Exercise directions — Beginning with the line below that contains "A FRAMED GOUACHE" and ending with the line that contains "Both the stroller", retype every line exactly. Pictures are not copied.
--- Data extracts Enclosed Below ---
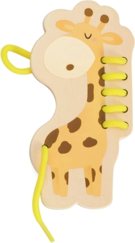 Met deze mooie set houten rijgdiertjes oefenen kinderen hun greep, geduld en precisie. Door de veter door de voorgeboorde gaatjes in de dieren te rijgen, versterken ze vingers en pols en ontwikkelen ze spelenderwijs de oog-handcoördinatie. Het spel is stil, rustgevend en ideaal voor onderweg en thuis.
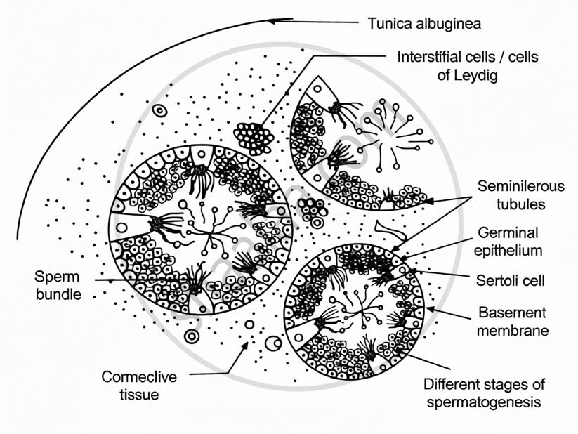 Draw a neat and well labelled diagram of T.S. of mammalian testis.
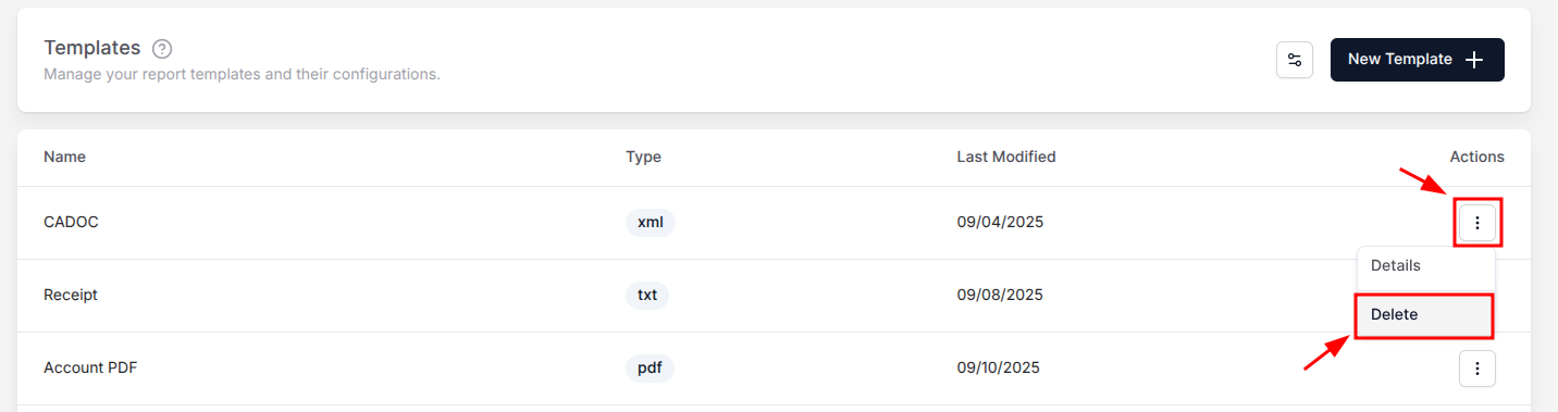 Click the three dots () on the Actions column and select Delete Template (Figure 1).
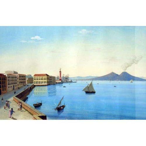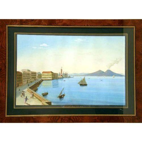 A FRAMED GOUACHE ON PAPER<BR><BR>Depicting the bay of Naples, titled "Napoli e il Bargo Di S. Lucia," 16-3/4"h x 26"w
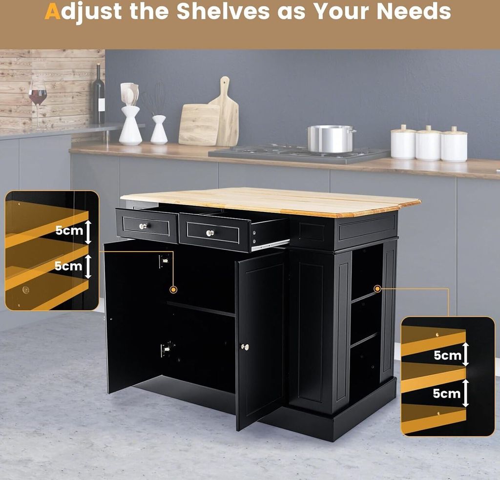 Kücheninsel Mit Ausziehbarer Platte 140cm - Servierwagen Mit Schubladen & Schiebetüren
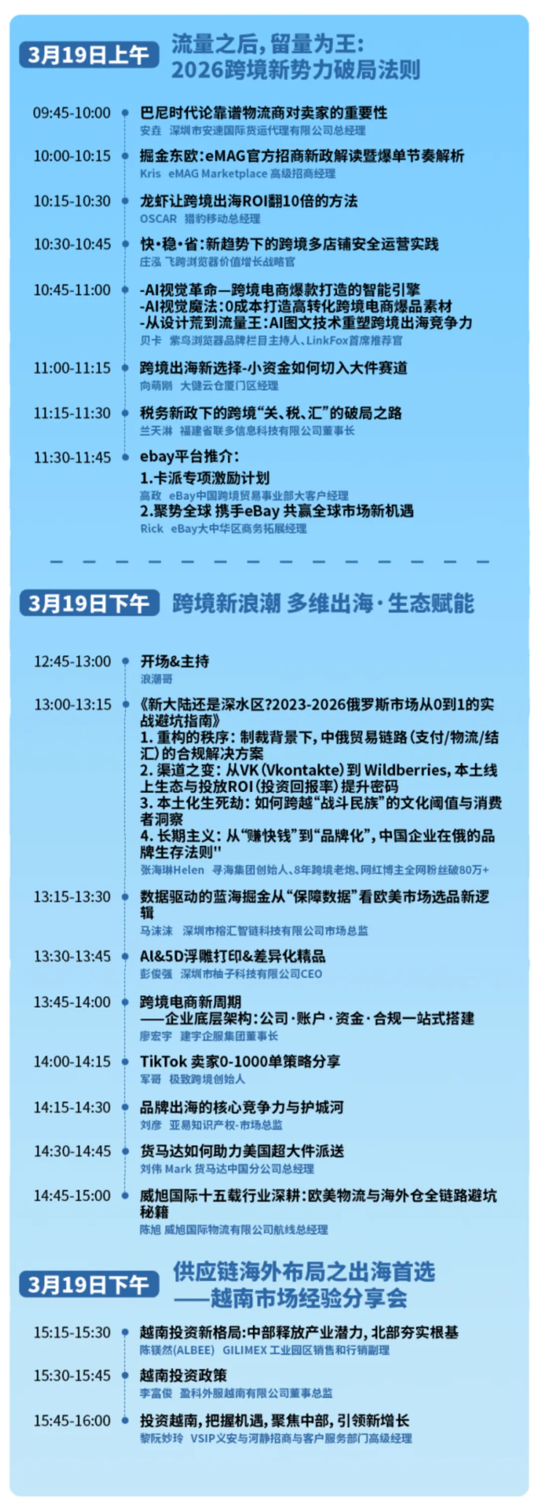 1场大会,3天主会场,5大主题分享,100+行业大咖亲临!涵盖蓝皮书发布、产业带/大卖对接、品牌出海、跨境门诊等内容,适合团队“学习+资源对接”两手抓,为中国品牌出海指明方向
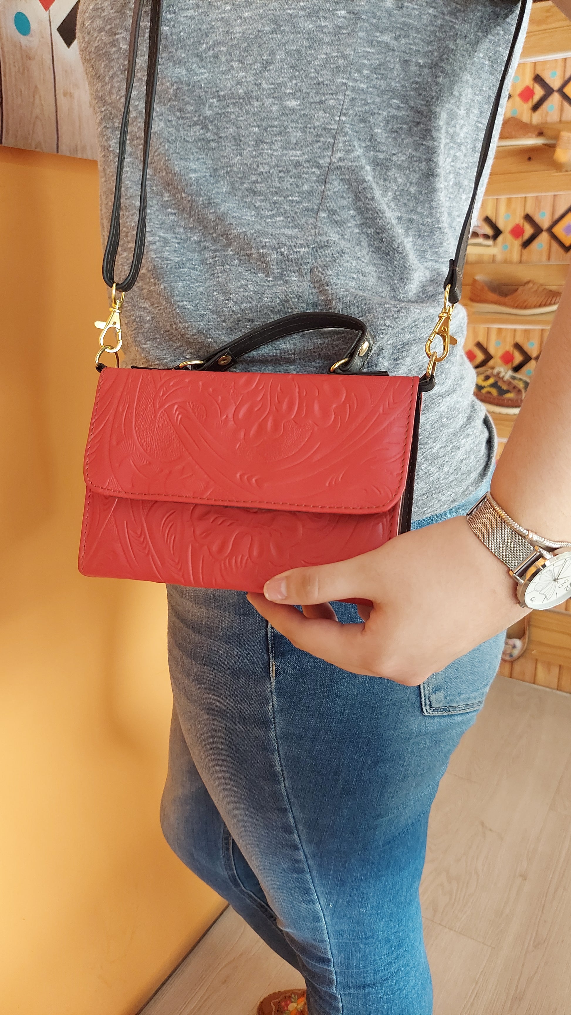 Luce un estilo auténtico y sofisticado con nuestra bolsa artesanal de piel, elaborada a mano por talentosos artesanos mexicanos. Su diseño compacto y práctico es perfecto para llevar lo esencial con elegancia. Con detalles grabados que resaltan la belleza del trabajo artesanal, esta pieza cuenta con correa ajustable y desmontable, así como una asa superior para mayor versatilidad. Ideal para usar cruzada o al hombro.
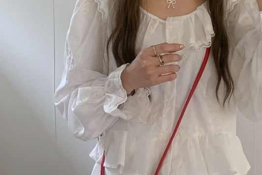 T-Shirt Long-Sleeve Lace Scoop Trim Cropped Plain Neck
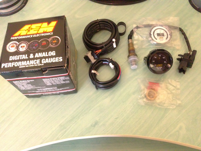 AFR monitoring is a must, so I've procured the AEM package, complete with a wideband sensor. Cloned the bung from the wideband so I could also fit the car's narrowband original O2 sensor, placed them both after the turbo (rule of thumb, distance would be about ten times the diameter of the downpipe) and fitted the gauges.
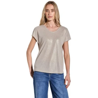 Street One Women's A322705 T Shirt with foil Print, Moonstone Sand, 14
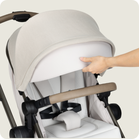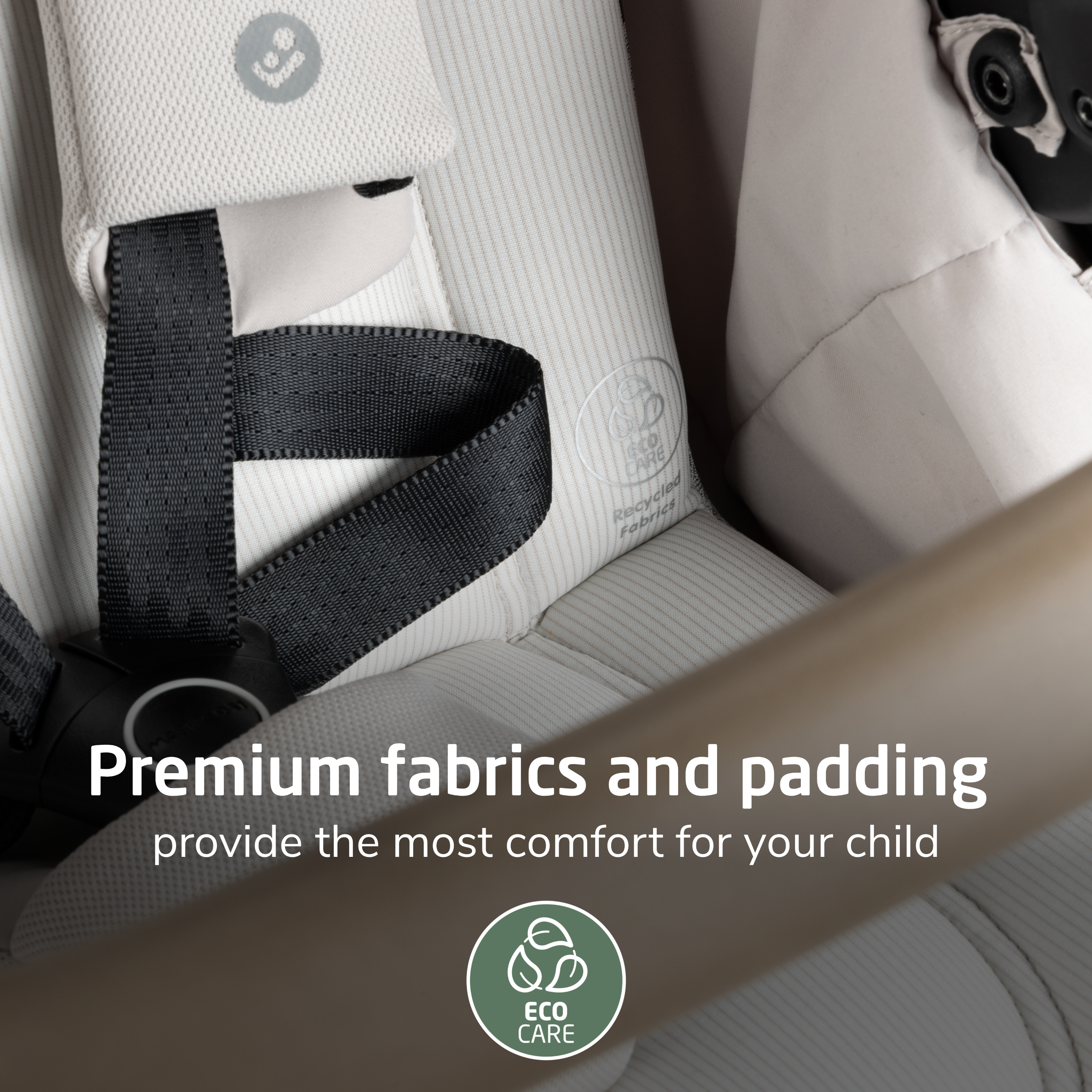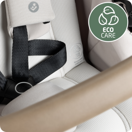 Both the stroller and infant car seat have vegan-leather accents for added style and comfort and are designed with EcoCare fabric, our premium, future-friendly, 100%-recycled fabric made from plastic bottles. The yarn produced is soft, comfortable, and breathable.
--- End of Enclosed Data extracts ---
--- Data extracts Enclosed Below ---
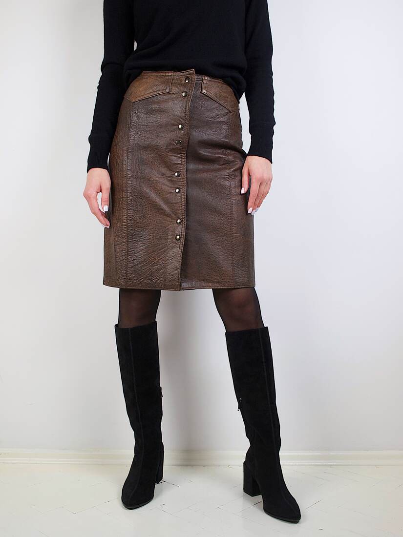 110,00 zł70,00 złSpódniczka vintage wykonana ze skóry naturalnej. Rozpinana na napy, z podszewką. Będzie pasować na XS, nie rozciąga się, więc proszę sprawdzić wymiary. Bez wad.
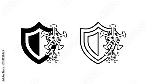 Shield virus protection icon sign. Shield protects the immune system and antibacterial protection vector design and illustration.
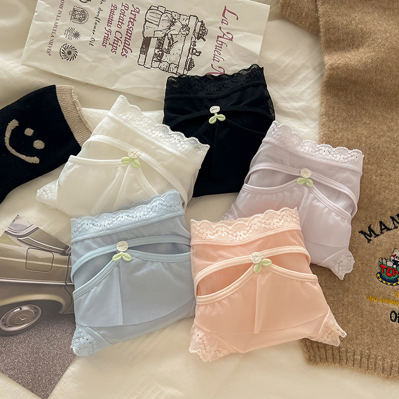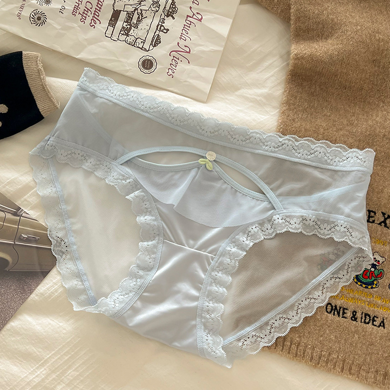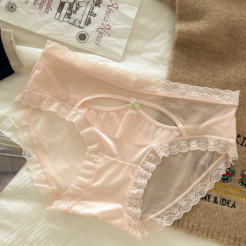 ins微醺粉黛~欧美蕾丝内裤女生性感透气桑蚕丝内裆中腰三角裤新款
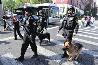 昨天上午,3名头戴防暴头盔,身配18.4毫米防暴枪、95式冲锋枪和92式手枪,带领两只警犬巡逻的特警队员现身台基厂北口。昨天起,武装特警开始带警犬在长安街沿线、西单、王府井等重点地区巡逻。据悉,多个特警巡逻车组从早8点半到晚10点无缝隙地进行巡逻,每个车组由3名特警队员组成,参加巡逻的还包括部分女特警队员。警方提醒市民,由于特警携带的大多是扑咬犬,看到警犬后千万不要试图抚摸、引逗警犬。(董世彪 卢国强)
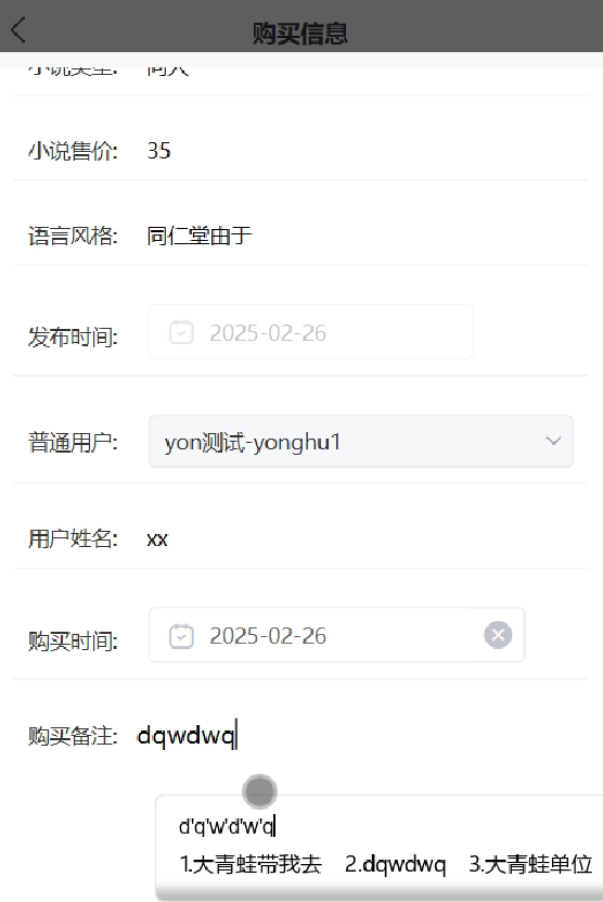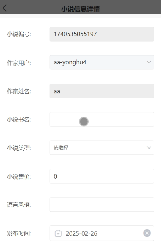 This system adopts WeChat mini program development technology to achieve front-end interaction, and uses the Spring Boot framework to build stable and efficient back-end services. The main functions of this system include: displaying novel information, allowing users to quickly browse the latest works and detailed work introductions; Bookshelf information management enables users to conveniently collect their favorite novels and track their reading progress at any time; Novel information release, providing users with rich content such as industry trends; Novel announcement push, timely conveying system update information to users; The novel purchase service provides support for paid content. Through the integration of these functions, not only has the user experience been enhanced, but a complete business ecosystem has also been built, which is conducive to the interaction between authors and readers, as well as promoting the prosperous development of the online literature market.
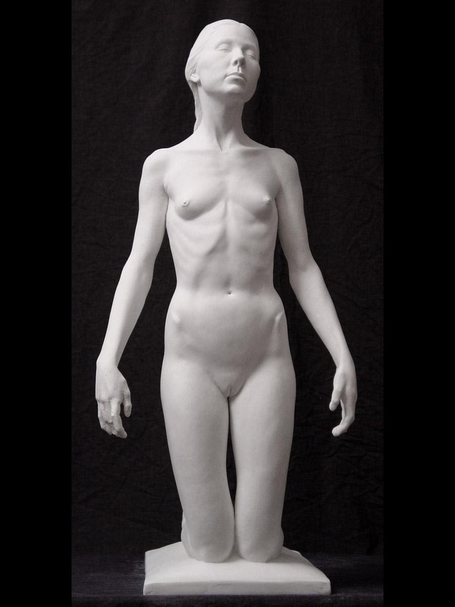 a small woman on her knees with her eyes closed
--- End of Enclosed Data extracts ---
Answer to this problem —
 A FRAMED GOUACHE ON PAPER<BR><BR>Depicting the bay of Naples, titled "Napoli e il Bargo Di S. Lucia," 16-3/4"h x 26"w
 Kücheninsel Mit Ausziehbarer Platte 140cm - Servierwagen Mit Schubladen & Schiebetüren
 1场大会,3天主会场,5大主题分享,100+行业大咖亲临!涵盖蓝皮书发布、产业带/大卖对接、品牌出海、跨境门诊等内容,适合团队“学习+资源对接”两手抓,为中国品牌出海指明方向
 Luce un estilo auténtico y sofisticado con nuestra bolsa artesanal de piel, elaborada a mano por talentosos artesanos mexicanos. Su diseño compacto y práctico es perfecto para llevar lo esencial con elegancia. Con detalles grabados que resaltan la belleza del trabajo artesanal, esta pieza cuenta con correa ajustable y desmontable, así como una asa superior para mayor versatilidad. Ideal para usar cruzada o al hombro.
 T-Shirt Long-Sleeve Lace Scoop Trim Cropped Plain Neck
 AFR monitoring is a must, so I've procured the AEM package, complete with a wideband sensor. Cloned the bung from the wideband so I could also fit the car's narrowband original O2 sensor, placed them both after the turbo (rule of thumb, distance would be about ten times the diameter of the downpipe) and fitted the gauges.
 Street One Women's A322705 T Shirt with foil Print, Moonstone Sand, 14
 Both the stroller and infant car seat have vegan-leather accents for added style and comfort and are designed with EcoCare fabric, our premium, future-friendly, 100%-recycled fabric made from plastic bottles. The yarn produced is soft, comfortable, and breathable.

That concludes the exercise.